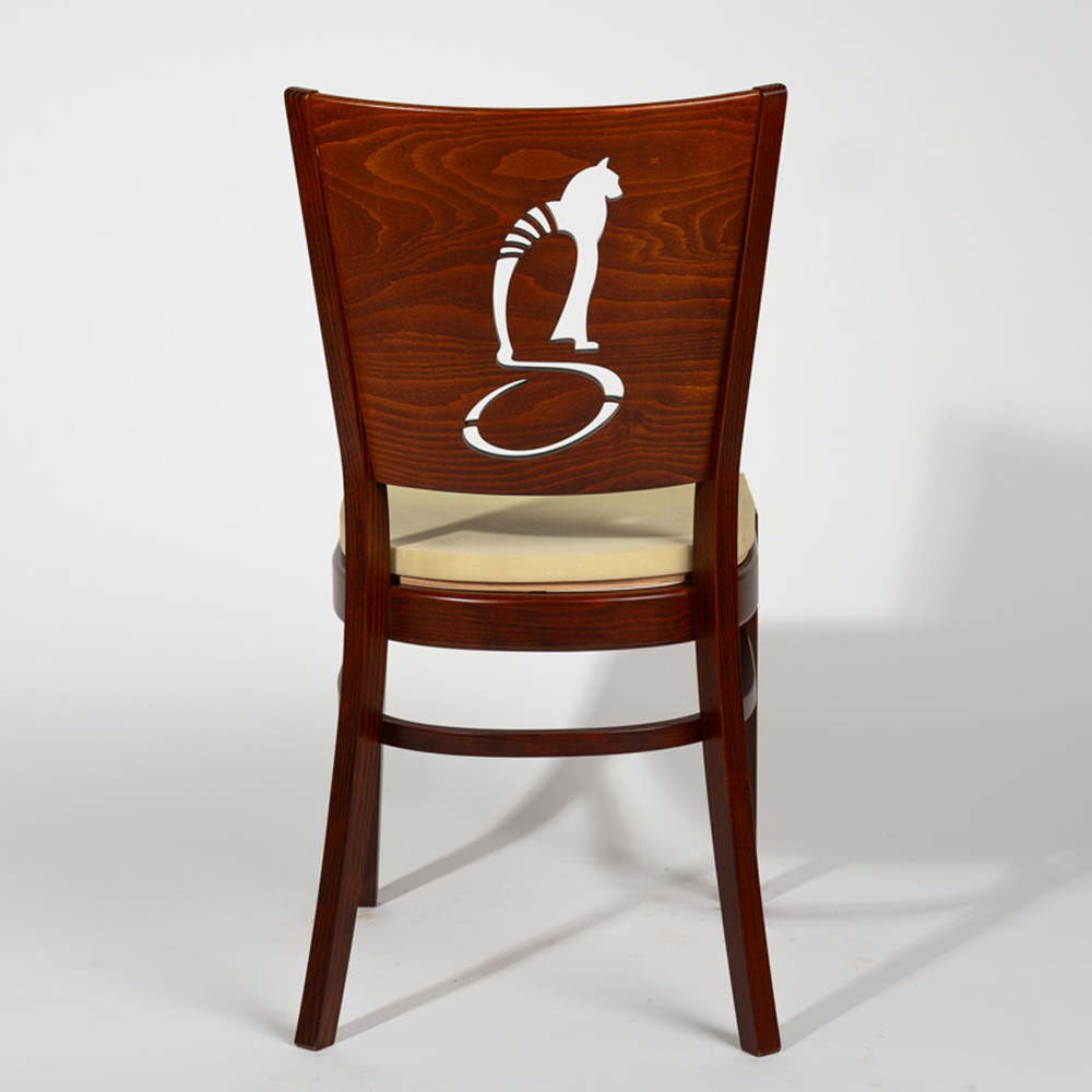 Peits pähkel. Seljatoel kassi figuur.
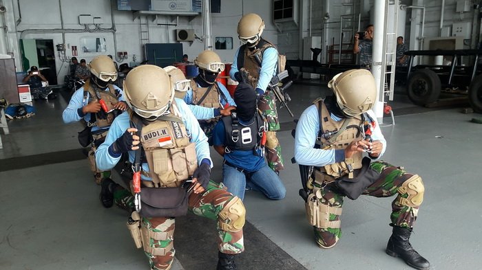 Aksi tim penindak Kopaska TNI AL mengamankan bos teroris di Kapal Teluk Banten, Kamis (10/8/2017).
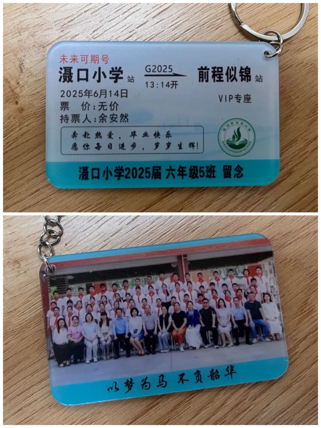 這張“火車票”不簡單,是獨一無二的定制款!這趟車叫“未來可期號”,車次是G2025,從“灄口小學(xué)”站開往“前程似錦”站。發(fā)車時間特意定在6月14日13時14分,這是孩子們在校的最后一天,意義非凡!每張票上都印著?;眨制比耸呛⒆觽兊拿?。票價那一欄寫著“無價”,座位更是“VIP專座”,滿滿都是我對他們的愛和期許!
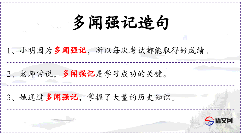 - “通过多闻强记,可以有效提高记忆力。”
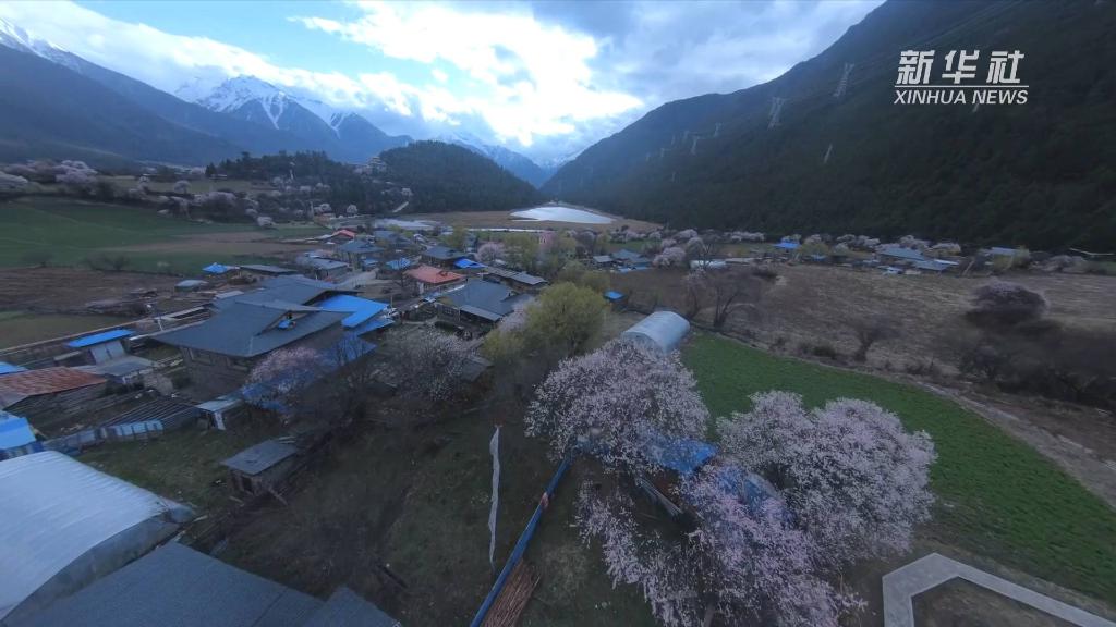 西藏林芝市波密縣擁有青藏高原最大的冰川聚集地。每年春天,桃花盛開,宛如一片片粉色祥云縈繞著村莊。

Aim of the task
Please return all of the entries word for word, excluding the pictures.

Expected answer
 Peits pähkel. Seljatoel kassi figuur.
 Aksi tim penindak Kopaska TNI AL mengamankan bos teroris di Kapal Teluk Banten, Kamis (10/8/2017).
 這張“火車票”不簡單,是獨一無二的定制款!這趟車叫“未來可期號”,車次是G2025,從“灄口小學(xué)”站開往“前程似錦”站。發(fā)車時間特意定在6月14日13時14分,這是孩子們在校的最后一天,意義非凡!每張票上都印著?;眨制比耸呛⒆觽兊拿?。票價那一欄寫著“無價”,座位更是“VIP專座”,滿滿都是我對他們的愛和期許!
 - “通过多闻强记,可以有效提高记忆力。”
 西藏林芝市波密縣擁有青藏高原最大的冰川聚集地。每年春天,桃花盛開,宛如一片片粉色祥云縈繞著村莊。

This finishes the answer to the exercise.